Australian actor (born 1984)

James Wilson Mackay (born 20 July 1984) is an Australian actor known for The CW television series Dynasty, as well as roles in films and on stage.

==Early life==
Mackay attended Sydney Grammar School in Sydney, Australia, where he first started acting in school plays.

Mackay studied at the University of Sydney, graduating with a Bachelor of Arts in history and English literature, before training as an actor at the Western Australian Academy of Performing Arts in Perth.

He is the son of Hugh Mackay.

==Career==
===Stage===
In 2013 Mackay played Irwin in the Alan Bennett play The History Boys at the Sydney Opera House, alongside John Wood, Heather Mitchell and Paul Goddard. In 2012 he performed with the Sydney Theatre Company as Danceny in Les Liaisons Dangereuses, with Hugo Weaving and Pamela Rabe.

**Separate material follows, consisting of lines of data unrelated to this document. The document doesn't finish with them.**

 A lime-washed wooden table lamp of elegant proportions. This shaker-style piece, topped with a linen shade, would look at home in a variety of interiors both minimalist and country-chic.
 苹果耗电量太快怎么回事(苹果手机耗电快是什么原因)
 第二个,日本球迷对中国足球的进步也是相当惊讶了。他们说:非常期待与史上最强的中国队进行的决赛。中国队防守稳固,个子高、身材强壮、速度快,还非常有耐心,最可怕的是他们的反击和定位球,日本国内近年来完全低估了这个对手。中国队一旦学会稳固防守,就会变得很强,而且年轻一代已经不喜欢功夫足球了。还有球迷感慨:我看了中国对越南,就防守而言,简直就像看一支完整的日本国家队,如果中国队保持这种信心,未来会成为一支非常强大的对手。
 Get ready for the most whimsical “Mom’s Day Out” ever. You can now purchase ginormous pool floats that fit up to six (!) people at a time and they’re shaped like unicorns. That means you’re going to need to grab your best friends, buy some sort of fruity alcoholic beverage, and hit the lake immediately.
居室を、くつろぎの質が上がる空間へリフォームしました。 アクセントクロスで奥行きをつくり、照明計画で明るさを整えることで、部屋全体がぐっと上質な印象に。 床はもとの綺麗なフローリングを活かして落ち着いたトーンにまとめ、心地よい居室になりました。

Mackay was an artistic associate of independent theatre company Cry Havoc. He worked on two shows with the company, William Shakespeare's Julius Caesar in 2009 (playing Marc Antony), and Anton Chekhov's Three Sisters in 2010 (playing Andrey), for which he also collaborated on an original music score.

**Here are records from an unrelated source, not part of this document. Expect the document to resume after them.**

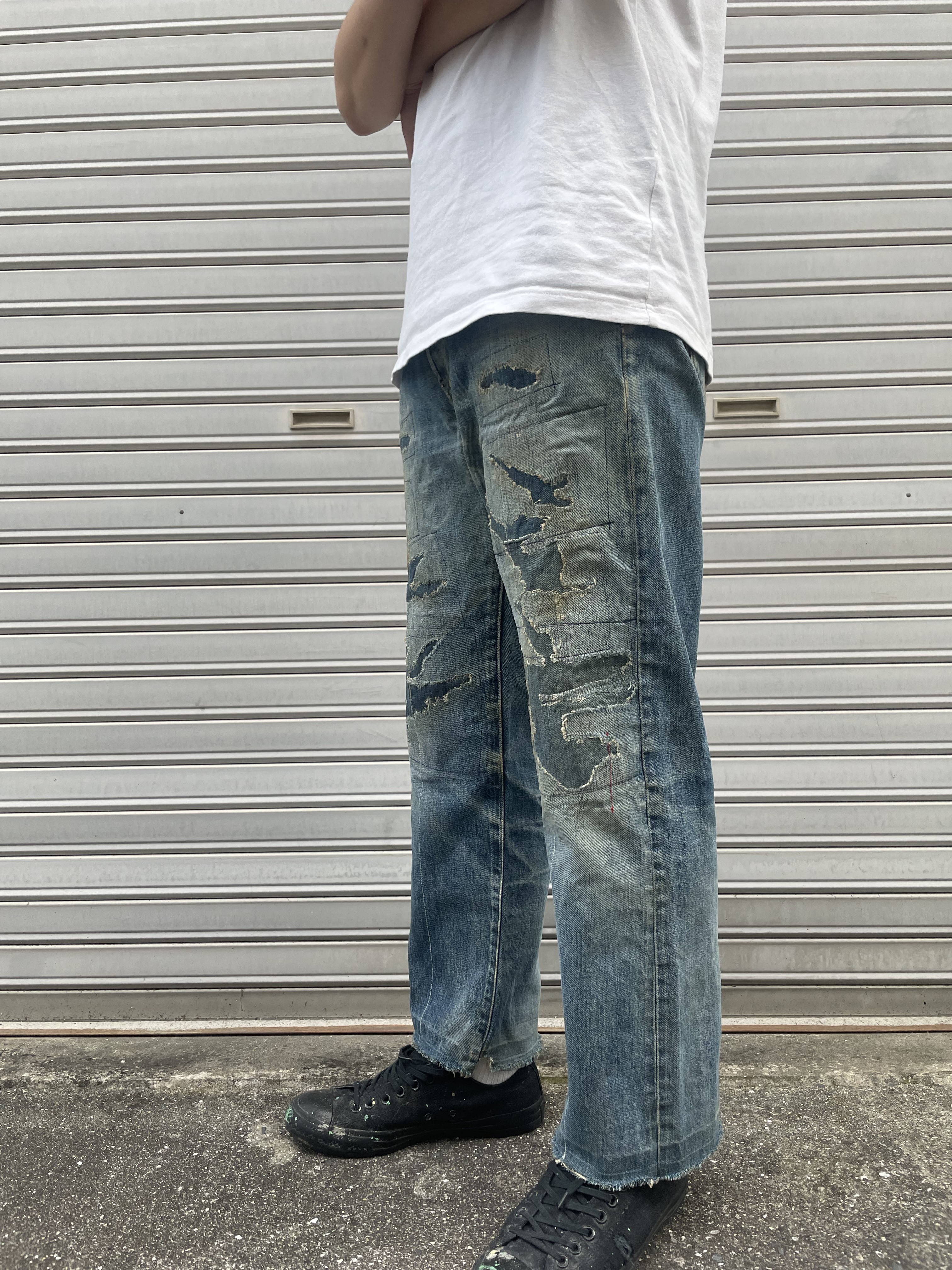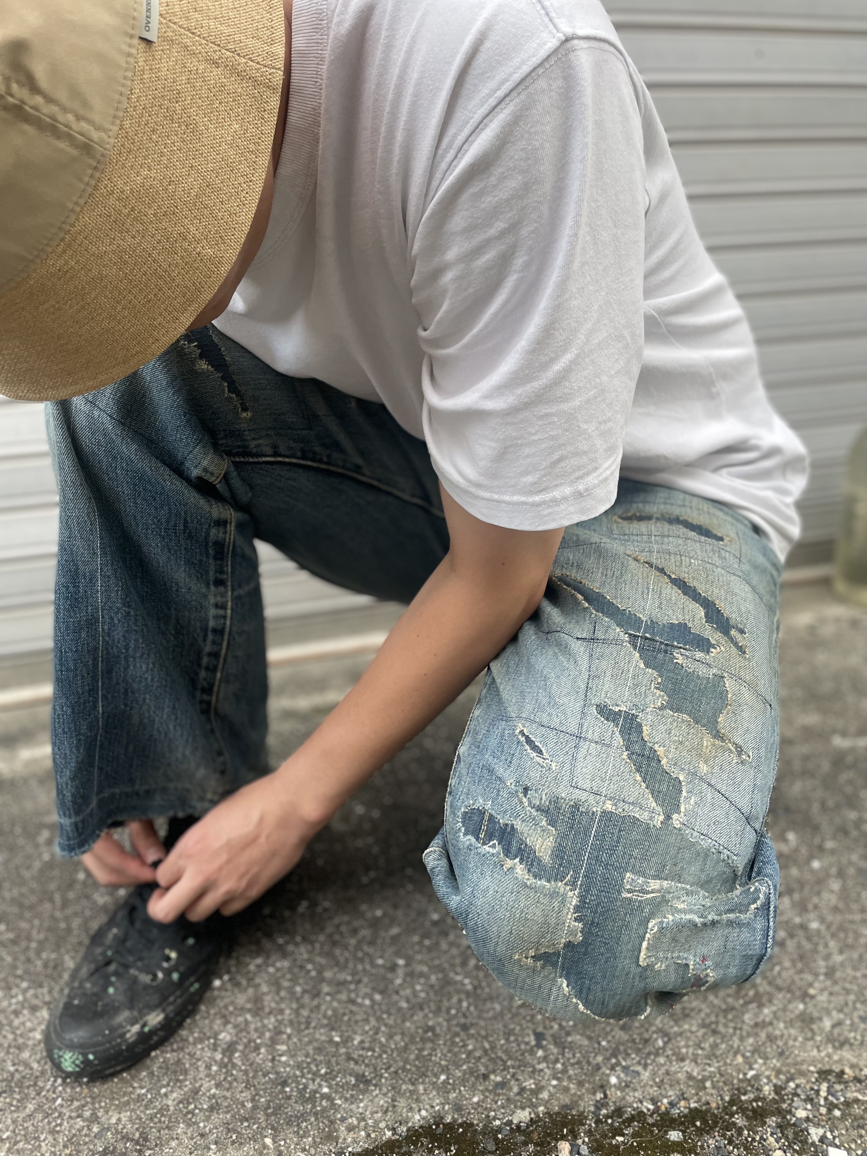 まるで破れては直しを繰り返したような何年も穿き込んでいるような表情です。
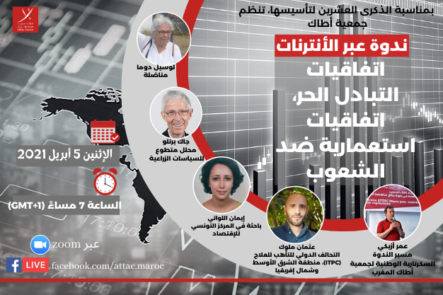 هكذا إذن تشكل مسألة اتفاقيات “التبادل الحر” مسألة حاسمة بالنسبة لمستقبل المغرب وشروط عيش المغاربة. وقامت جمعية أطاك المغرب بعمل تثقيف شعبي مكثف للتنديد باتفاقيات “التبادل الحر”، واقتراح آفاق للنضال، وتقوية أواصر التضامن بين شعوب الشمال والجنوب، وبين مختلف الائتلافات المناهضة لهذه الاتفاقيات على مستوى المغرب. كما توليها أهمية كبيرة، أولا، من أجل رفع الصمت المحيط بهذه المسألة، ثم لعرض عناصر التفكير والبدائل حولها، وتعزيز مبادرات التوعية والأنشطة المشتركة ضدها. ومن هنا تنظيم هذه الندوة الالكترونية يوم 5 أبريل 2021 التي ستكون على تطبيق زووم، وستبت أيضا على صفحة فيسبوك أطاك المغرب من هنا . أنظر البرنامج والمشاركين/ات أسفله. وسنوفر الترجمة الفورية من الفرنسية الى العربية والعكس أيضا.
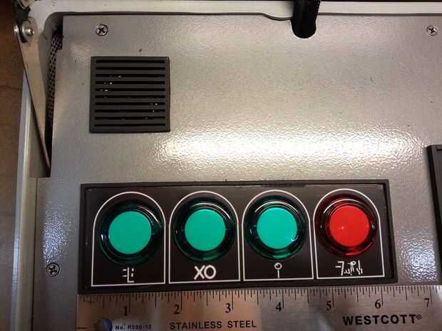 Aproximadamente traducido y extrapolados a partir de uso del dispositivo, de izquierda a derecha las etiquetas son los siguientes: "Crédito", "Jugador", "Pausa", "Escape", "Shoot", "Jump", "desconocido". Fines de "testing", los botones fueron etiquetados en inglés con cinta de enmascarar azul.
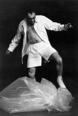 The plastic wrapping hides a human body. An odd-looking light ignites under this artificial skin and in turn is suddenly stabbed by a knife. Eerie sounds accompany the act of liberation from the embrace. Men group into comical clusters and then break apart. Presentation switches to music and in turn the sound create is strange, scenic movements.

In 2021, he starred as Orlando in the Melbourne Theatre Company's production of As You Like It.

=== Film and television ===
Mackay appeared as William Beaumont in the 2015 Australian film The Dressmaker with Kate Winslet, Sarah Snook, Judy Davis, Liam Hemsworth and Hugo Weaving.

Other credits include Don't Be Afraid of the Dark, starring Katie Holmes and Guy Pearce, and The Lovers, directed by Palme d'Or winner and Oscar nominee Roland Joffé. Mackay also played roles in the 2012 horror-thriller Redd Inc (released as Inhuman Resources in the US), Matchbox Pictures’ series The Straits, a crime drama filmed in Cairns and the Torres Straits, and the 2012 television comedy Micro Nation. He has had guest starring roles on Love Child, The Tomorrow People and The Leftovers.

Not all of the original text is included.